Over the Christmas season, you’ll hear how God became a man. How is that? And how do we wrap our minds around the idea that the Creator of the universe lived on earth in the form of a man? The theological term used to describe God becoming man is incarnation. It can be illustrated this way:
Suppose you have an aquarium. You feed the fish daily. Every once in a while you clean the tank. When you go out of town, you drop a feeder in the aquarium so the fish will have plenty to eat while you’re gone. You would think with all the effort, concern, and money spent on the fish that they would be grateful. But if your hand gets close to them, they show one emotion: fear.
To your fish, you are deity. You are too large for them. Your actions are too incomprehensible. They see your acts of mercy and care as cruelty. The only way you could change their perception of you would be to become incarnate. You would have to become a fish and speak to them in a language they could understand.

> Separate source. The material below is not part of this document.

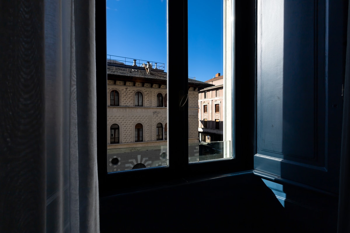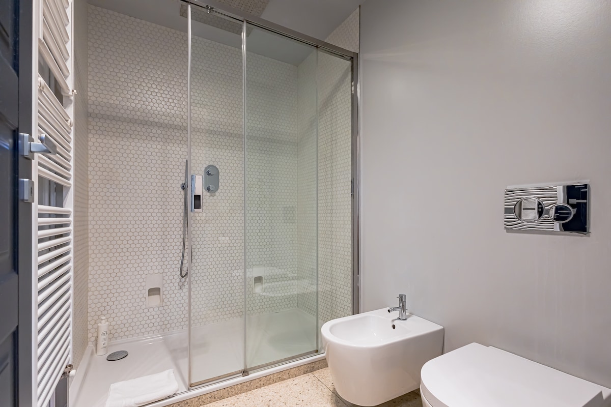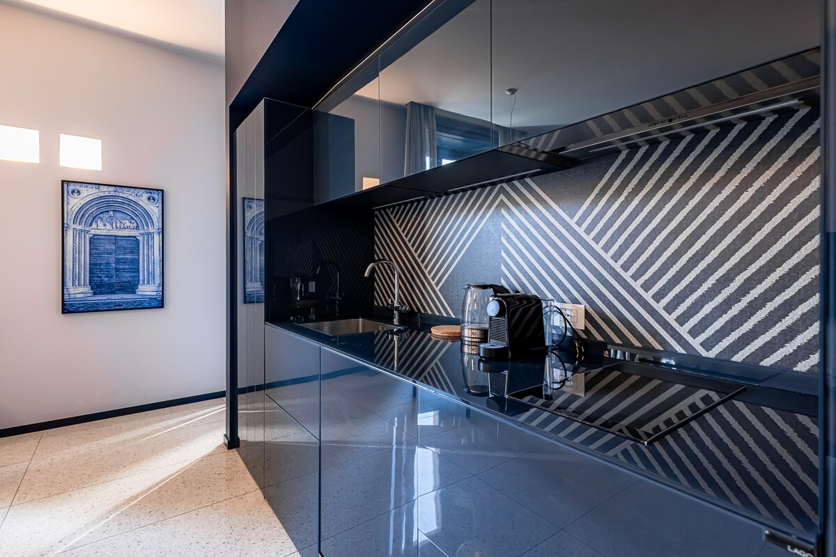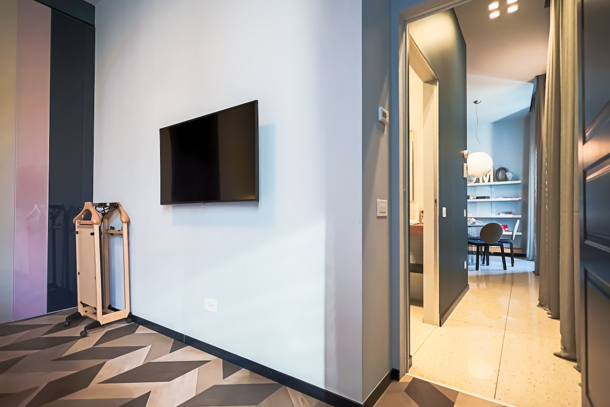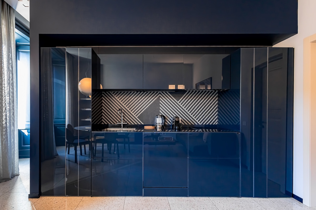 "Sky Suite" is a luxurious and modern apartment in the historic Visconti Palace. Located in the centre of Como, it is just a short walk from the cathedral and the lakeside promenade. Finely decorated in shades of blue, this apartment is designed to provide you with the utmost comfort and functionality.

A human being becoming a fish may seem a little far-fetched. (Actually, evolutionists believe we evolved from fish so maybe it’s not so far-fetched to some!) God becoming a baby seems incredible. Yet that is exactly what happened that night in Bethlehem. God became a man so that we would know his love, grace, and mercy.
In John’s gospel, he wrote,
“The Word (i.e., God) became flesh and made his dwelling among us” (John 1:14).
As you celebrate the birth of the Savior this Christmas season, be reminded that he knows all of the emotions that come with living on earth. He can relate to your joys, your sorrows, your glee, and your grief. He dwelled among us so that he can dwell in us.